Je vais reprendre points par points chacun de vos arguments.
RVRESIDENT wrote:
Sheikor wrote:En quoi un "droit de ne pas naître" serait-il inadmissible ?
C'est justement ce point que j'essaie de défendre. On a tout le droit de choisir de mourir, alors pourquoi ne pas de choisir de ne pas naître ? Si J'avais été dans cette situation, que j'étais l'enfant malade, j'aurai certainement supplié pour ne pas naître. Chose qui aurait pu être évitée si les médecins avaient fait leur travail.
Vous confondez deux choses: l'idée du droit de ne pas naître, et une réalité factuelle qui est celle de mort (que certains choisissent prématurément en se suicidant). Voyons pourquoi le raisonnement est faux.
Joignant votre réponse, à la question suivante posée par Kroki:
Kroki wrote:Et le bébé non-né est-il une personne morale pour possiblement avoir un droit ?
Sur l'idée (absurde) du droit de ne pas naître:
La première question à se poser est de savoir qui serait le titulaire de ce droit. Serait ce une personne? La réponse est ici négative, car le foetus n'est juridiquement pas une personne (ni physique, ni morale) en droit français. Or, un droit doit avoir pour titulaire une personne, donc accorder un droit à un foetus est donc juridiquement impossible.

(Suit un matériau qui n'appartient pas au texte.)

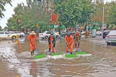 7月26日,遼寧省氣象局發(fā)布暴雨橙色預(yù)警。受強降水影響,遼寧有11個市啟動了防汛應(yīng)急響應(yīng)。圖為26日環(huán)衛(wèi)工人在沈陽市街頭清除積水。新華社發(fā)
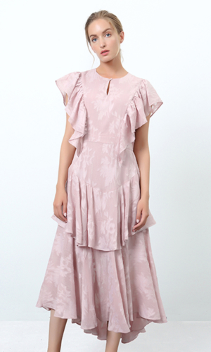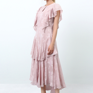 Tired ruffles midi dress with floral veil
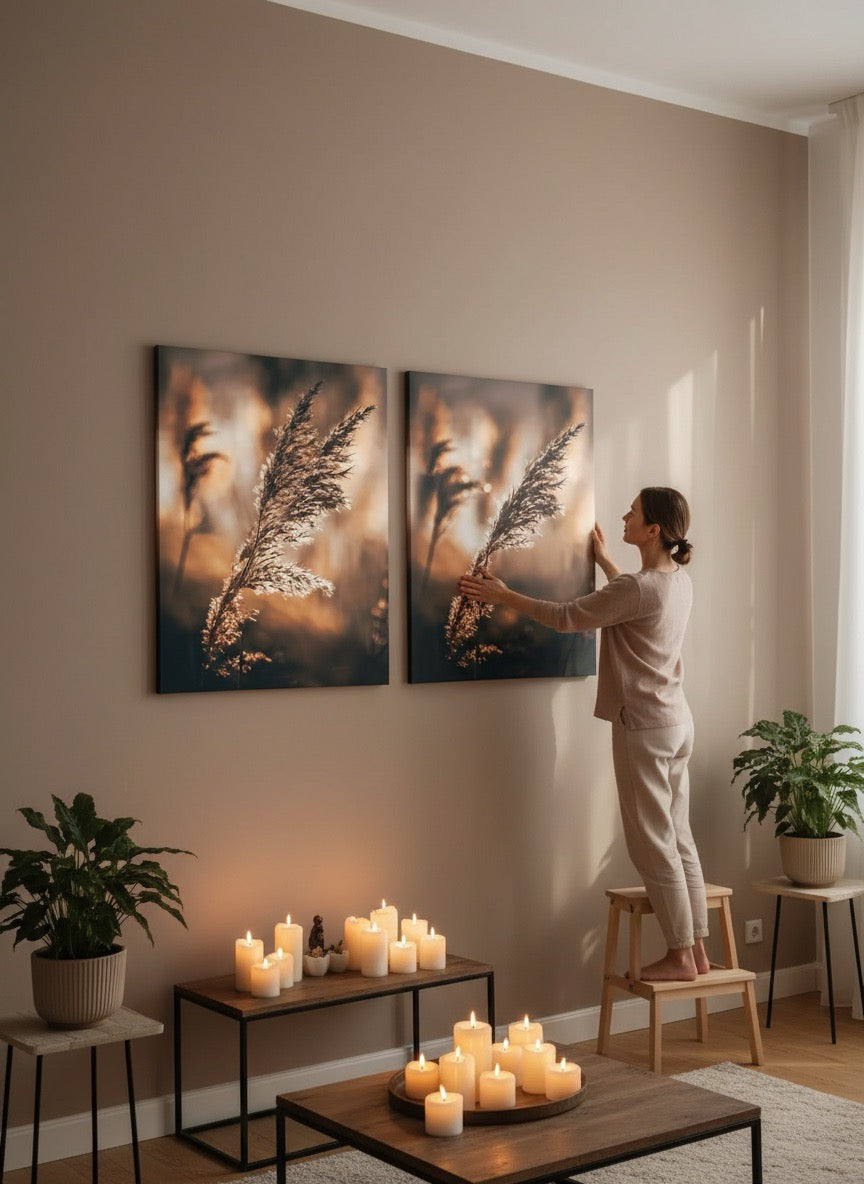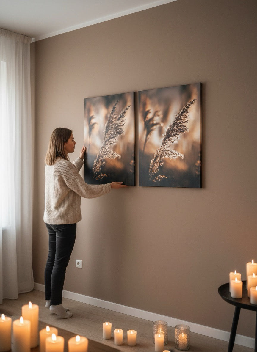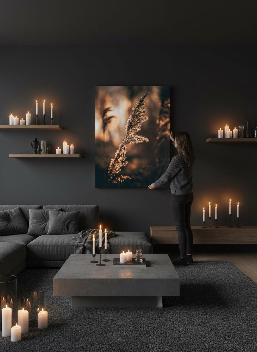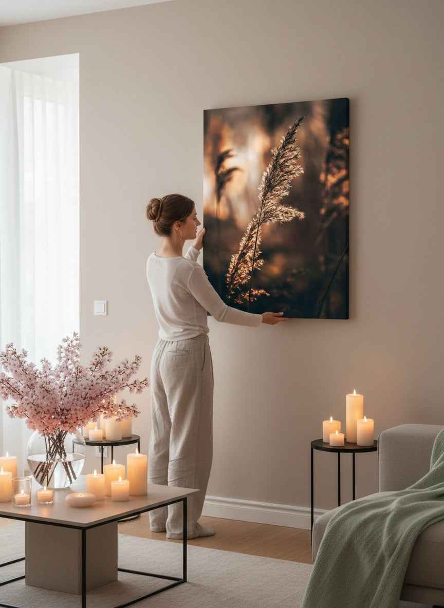 Nydelig kunstbilde av strå i sola ved vannet i varme toner. Få et vakkert og stilig motiv på veggen med dette fine veggbildet.
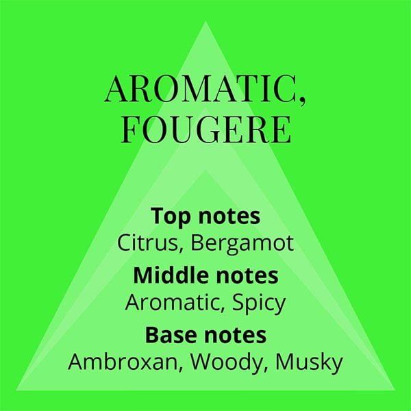The fragrance opens with a zesty burst of lemon, bergamot, and grapefruit, delivering a refreshing and vibrant start that immediately energizes your senses. As it unfolds, the heart reveals spicy pepper, aromatic lavender, and a hint of cardamom, adding complexity and warmth to the composition. The scent settles into a bold and masculine base of cedarwood, amber, and musk, providing a long-lasting and smooth finish.
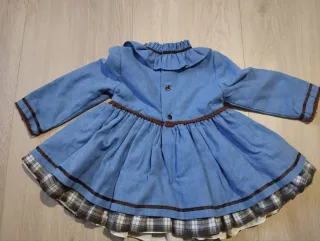 Vestido de la marca Miranda para bebé de 18 meses. - Vestido de manga larga. - Tejido vaquero azul. - Detalle de volantes y cuadros marrones en la falda. - Lazos marrones decorativos. En perfecto estado, 2 puestas.
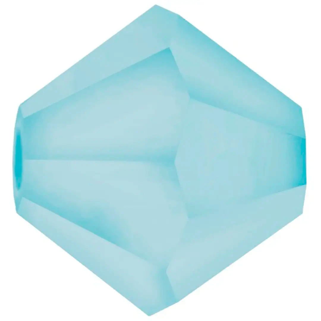 Preciosa crystal beads Bicone in Aquamarine Matte have a smooth thread hole and are multi-faceted to reflect the light, making them perfect to create bespoke designs. Preciosa Bicone Beads have a cylindrical shape and taper towards both ends to create a unique bi-conical shape. The multi-faceted surface of these beads, which narrows towards each end, adds texture, depth, and sparkle to different jewellery and custom-made designs.
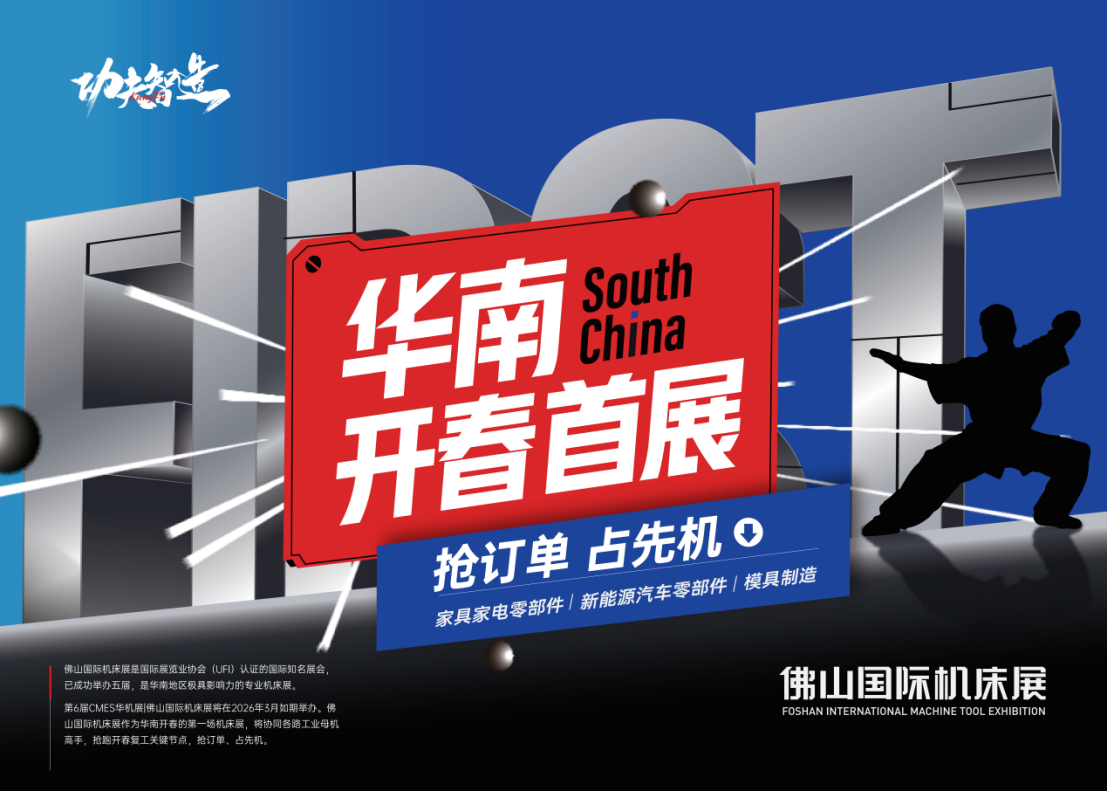 一年之计在于春,开春就来华机展!第6届CMES华机展|佛山国际机床展定档2026年3月11-14日,是当之无愧的华南开春展。作为华南开春的机床展,佛山国际机床展将协同机床产业链企业,以40000㎡展览面积、600+展商,多面覆盖金属切削机床、金属成形机床、磨削工量具、工业自动化及机器人、机床附件等机床品类,抢跑开春复工关键节点,助力抢占先机。
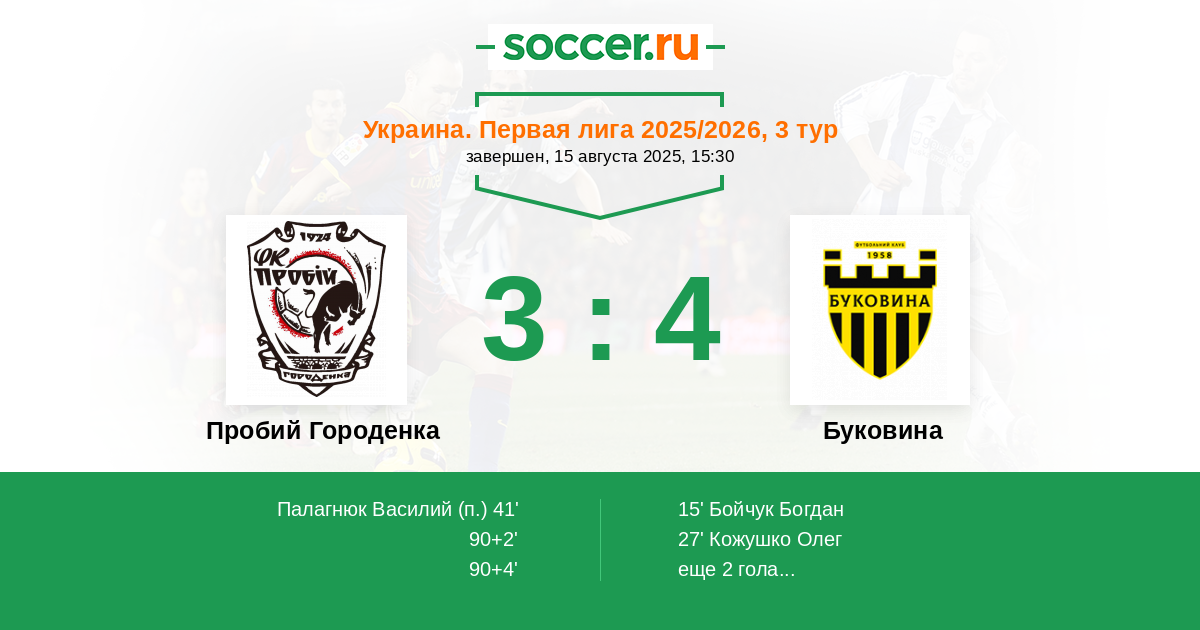 | Пробий Городенка | 1:4 | 0:1 | 1:3 |
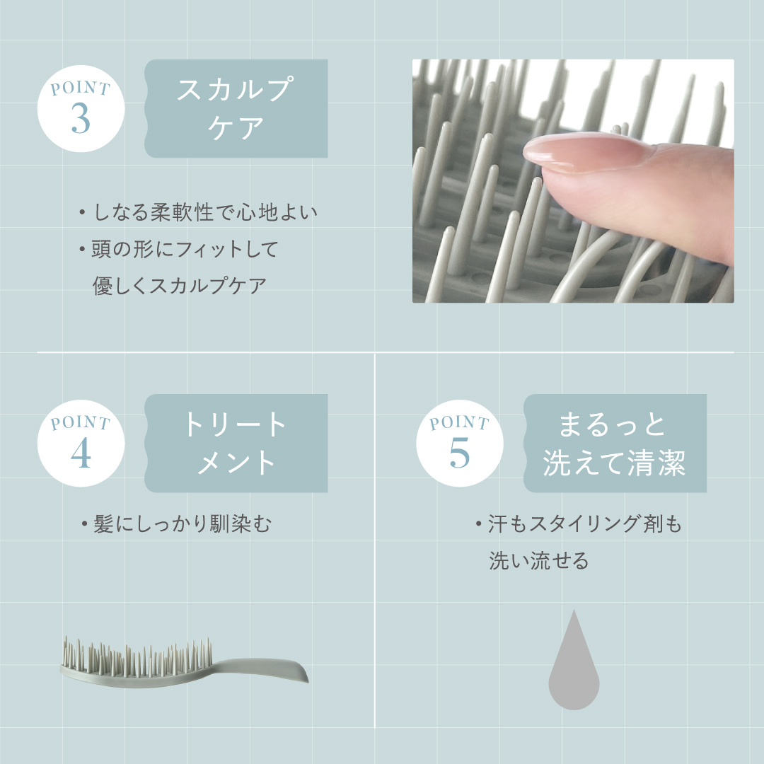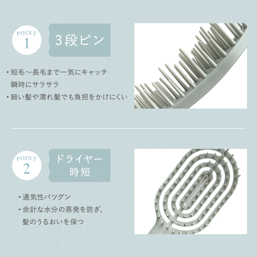 - #バズリブラシのいいとこどり #立つヘアブラシ #まるっと洗えるヘアブラシ ✨コレ1本でヘアケア悩みを解消✨ ①ブラッシング&スタイリング ②ドライ&ブロー ③スカルプケア ④トリートメントコーム 💡おすすめPoint💡 1)特徴的なピン ⇒長さの異なる3本のピンが短い毛~長い毛までしっかりキャッチ ⇒タテ・ヨコ・ナナメ満遍なくとかせて、簡単にやさしくサラサラに ⇒しなやかなピンで、濡髪も細い毛も負担が少なくダメージ減 ⇒円錐形のピンで、トリートメントがピンに付着しづらく、髪に馴染む 2)ブラシ構造 ⇒クモの巣みたいな通気性の良い構造で、速乾だから熱ダメージ減 ⇒水はけも良いので、お風呂でも使いやすい ⇒頭の丸みにあわせてカーブ状だから、頭皮にフィットして気持ちいい ⇒やわらか素材なので、スカルプケアも頭皮にぴったり 3)軽量+コンパクト ⇒「立つヘアブラシ」ケースを付ければ、自立するから、すき間収納OK! ⇒軽量&コンパクトでケース付き、旅行も携帯もラクラク 4)まるっと洗えて清潔 ⇒スタイリング剤・汗でベタベタ髪も大丈夫! ⇒海やプールでも使っても洗える

Mais à supposer que vous vouliez "révolutionner" le droit français, et que vous admettiez que le foetus soit une personne, et qu'il puisse être titulaire d'un tel droit. Comment l'exercerait il? Lorsqu'il est dans le ventre de sa mère on lui demande son avis? Vous voyez bien qu'en ce sens, un tel droit est parfaitement absurde, et il reviendrait en réalité aux parents dudit foetus d'exercer ce droit au nom de leur enfant. Et là on se retrouve face à un énorme problème: ce droit de ne pas naître serait nécessairement subordonné au droit de la mère d'interrompre sa grossesse.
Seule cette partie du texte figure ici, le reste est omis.